Reputation: 163
I have a dataframe with a time series in one single column. The data looks like this chart
I would like to create a mask that is TRUE each time that the data is equal or lower than -0.20. It should also be TRUE before reaching -0.20 while negative. It should also be true after reaching -0.20 while negative. This version of the chart
is my manual attempt to show (in red) the values where the mask would be TRUE. I started creating the mask but I could only make it equal to TRUE while the data is less than -0.20 mask = (df['data'] < -0.2)
. I couldn't do any better, does anybody know how to achieve my goal?
Upvotes: 1
Views: 405
Reputation: 656
Group by consecutive values of same sign, and then check if the minimum of such a group is less than the defined treshold.
First, we want to separate negative from positive values.
negative_mask = (df['data']<0)
We then can create classes (ordered with integers) for each consecutive positive or negative series.

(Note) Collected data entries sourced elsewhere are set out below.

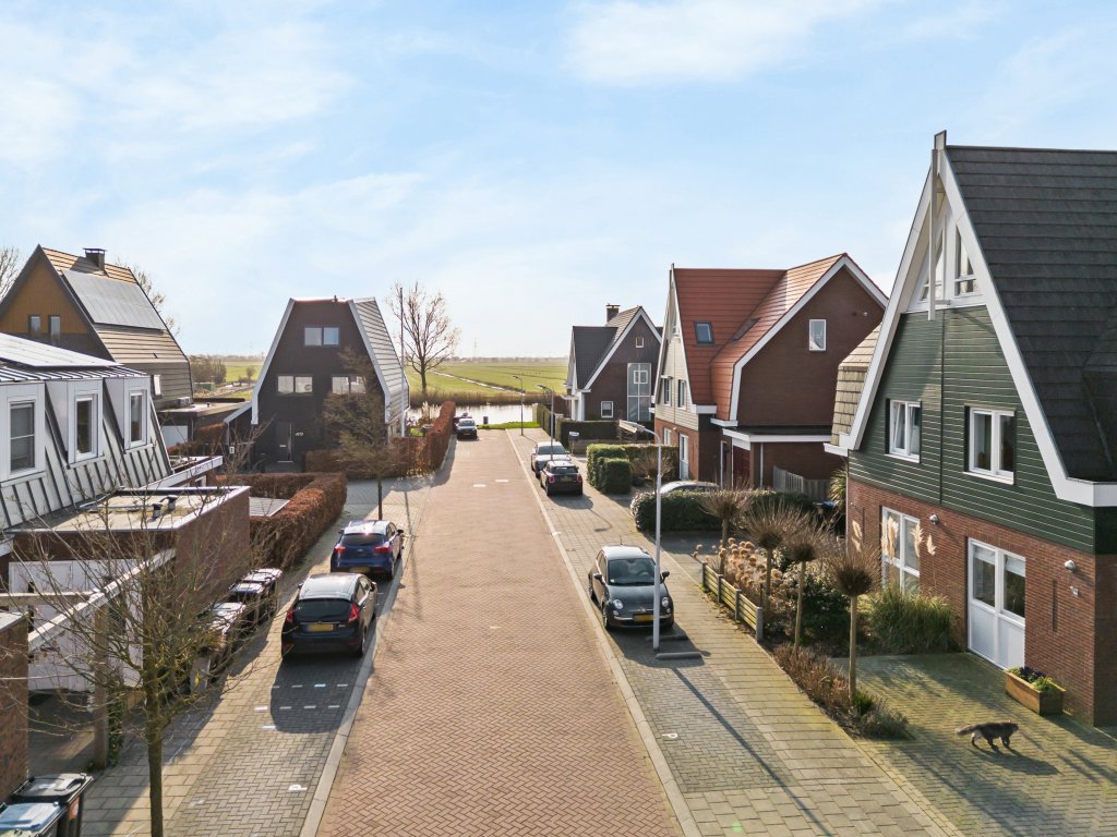 De beschutte achtertuin grenst direct aan open water, wat deze plek bijzonder maakt. Hier kunt u een kleine boot aanmeren en in de winter – als er voldoende vorst is – kunt u vanuit de tuin zo het ijs op stappen. Een unieke combinatie van rust, ruimte en wonen aan het water.
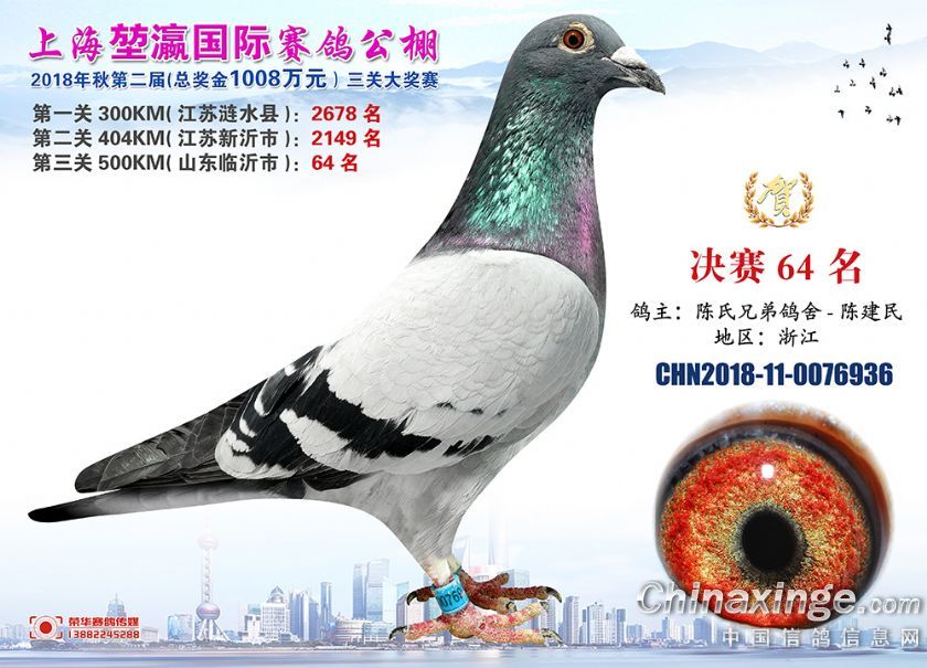 作品说明: 2018年上海堃瀛国际赛鸽俱乐部公棚获奖鸽照片61-90名
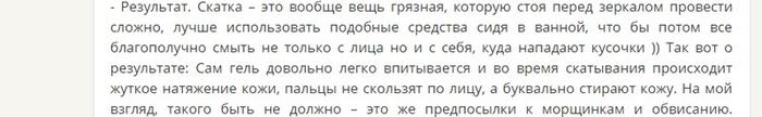 Автор следующего мнения считает, что пилинг агрессивен по отношению к коже, поскольку во время процедуры приходится сильно ее тереть.
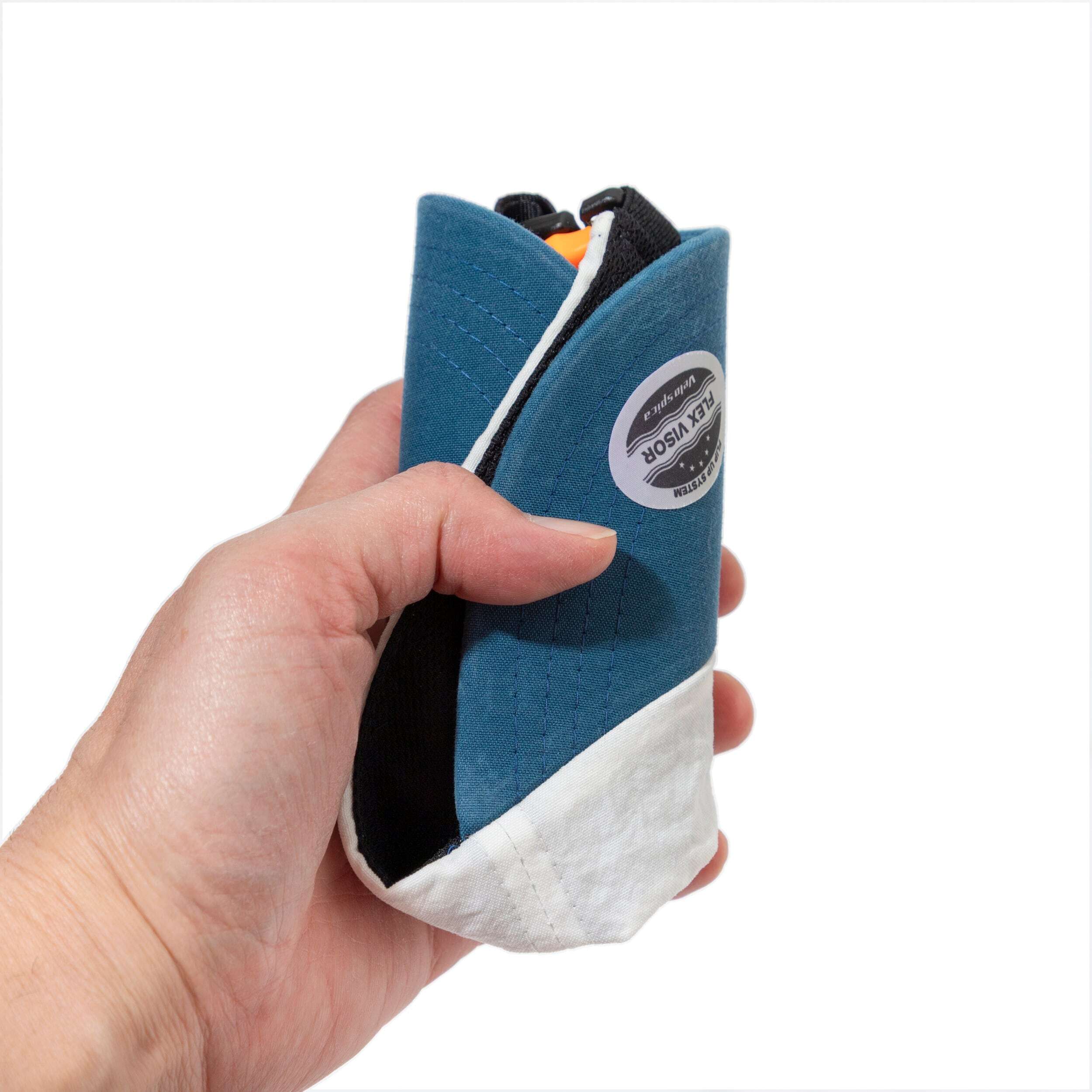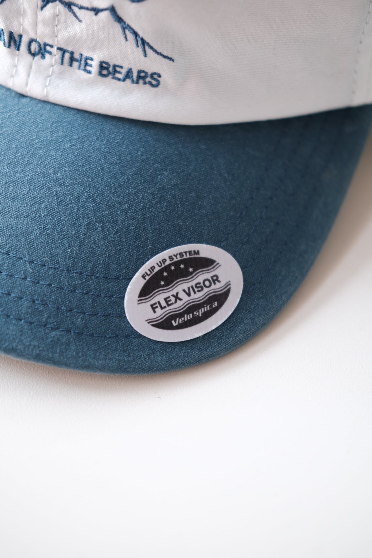 ボディはコットンライクな風合いが特徴のタスランナイロンを使用しています。軽量で耐久性に優れ、撥水性も備えた生地です。ツバにはナイロン生地用に特別に開発したウォッシュ加工が施されており、自然なヴィンテージ感が魅力です。ツバは定番の、柔らかく折りたたむ事も出来、かつ形をキープさせやすい特殊な加工が施されたフレックス・バイザーを採用しています。今回はカーブした型を最初からつけてあります。柔軟性のあるツバとナイロン生地のウォッシュ加工の組み合わせは、まだどこのブランドもやっていない初の試みだと思います。またvelo spica のツバの特徴でもあるフリップ・アップ(視界を広げたい時にはツバを上に跳ね上げる)して被ることも可能です。背面にはテープのバタつきや、抜け出て来るのをおさえるホイッスル付きストラップキーぱが付属しています。山で熊の痕跡を見つけた時は、角笛を吹く牛飼いの様に、このエマージェンシーホイッスルを吹いて警戒にあたるのも良いかも知れません。そして今回から背面のアジャやスターが簡単に取り外せるフック型を採用しています。バックパックのコードなどに気軽にひっかける事が可能になりました。

The class increases by one each time the data changes sign.
consecutives = negative_mask.diff().ne(0).cumsum()
We then select only the data where the minimum of the group of consecutive elements is less than 0.2.
df.groupby(consecutives).filter(lambda df : df[0].min() < -0.2)

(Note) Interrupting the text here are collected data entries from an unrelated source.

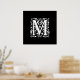 Affiche Lettre élégante M Blanc sur Monogramme noir
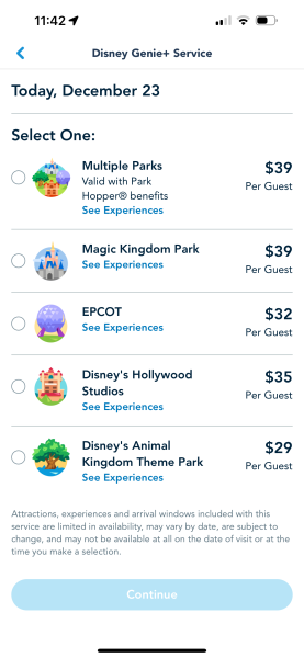 Just a friendly reminder, that Genie+ is the virtual planning assistant on the Disney World app. Once you pay for it, you can make Lightning Lane selections to jump the line! It also gives you other benefits like access to all your ride photos on the days you paid for it. It can be a great tool, especially on busy days like these next few days. Remember, purchase it early in the day if you’re hoping to use it this weekend.
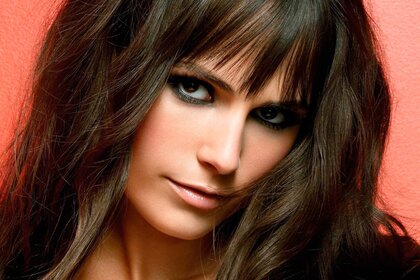 Pembe bir arka plan üzerinde bir kadının fotoğrafı
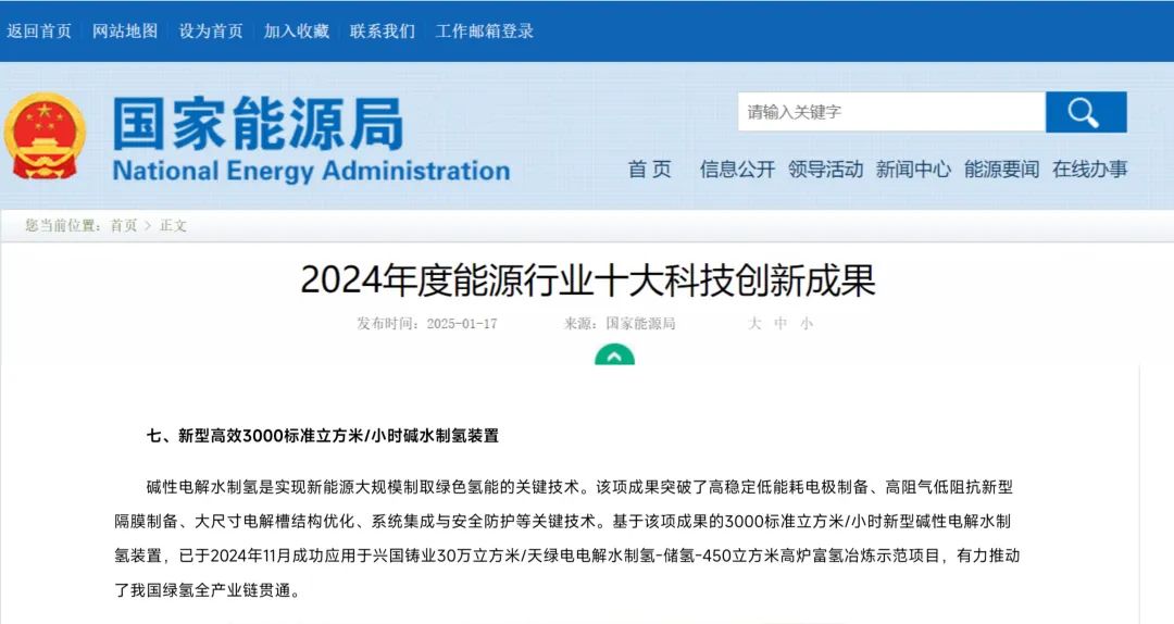 2025年1月,国家能源局“2024年度能源行业十大科技创新成果”公示,新型高效3000标准立方米/小时碱性水电解制氢装置被国家能源局评为“2024年度能源行业十大科技创新成果”,且已成功应用于兴国铸业“30万立方米/天绿电电解制氢—氢气存储—450立方米高炉富氢冶炼”示范项目。

We can try our example with random data:
import numpy as np
import pandas as pd
np.random.seed(42)
data = np.random.randint(-300, 300, size=1000)/1000
df = pd.DataFrame(data, columns=["data"])
data
2 -0.030
3 -0.194
4 -0.229
5 -0.280
6 -0.179
... ...
991 -0.293
995 -0.247
996 -0.062
997 -0.072
999 -0.250
363 rows × 1 columns
Upvotes: 3
Reputation: 642
One approach could be to group segments that are entirely below zero, and then for each group verify whether or not there any values below -0.2
.
See below for a full reproducible example script:
import matplotlib.pyplot as plt
import numpy as np
import pandas as pd
np.random.seed(167)
df = pd.DataFrame(
{"y": np.cumsum([np.random.uniform(-0.01, 0.01) for _ in range(10 ** 5)])}
)
plt.plot(df)
gt_zero = df["y"] < 0
regions = (gt_zero != gt_zero.shift()).cumsum()

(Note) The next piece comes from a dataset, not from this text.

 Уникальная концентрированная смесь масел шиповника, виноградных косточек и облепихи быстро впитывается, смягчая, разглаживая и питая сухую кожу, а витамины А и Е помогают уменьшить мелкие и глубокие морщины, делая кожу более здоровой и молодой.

# here's your interesting DataFrame with the specified mask
df_interesting = df.groupby(regions).filter(lambda s: s.min() < -0.2)
# plot individual regions
for i, grp in df.groupby(regions):
if grp["y"].min() < -0.2:
plt.plot(grp, color="tab:red", linewidth=5, alpha=0.6)
plt.axhline(0, linestyle="--", color="tab:gray")
plt.axhline(-0.2, linestyle="--", color="tab:gray")
plt.show()
Upvotes: 5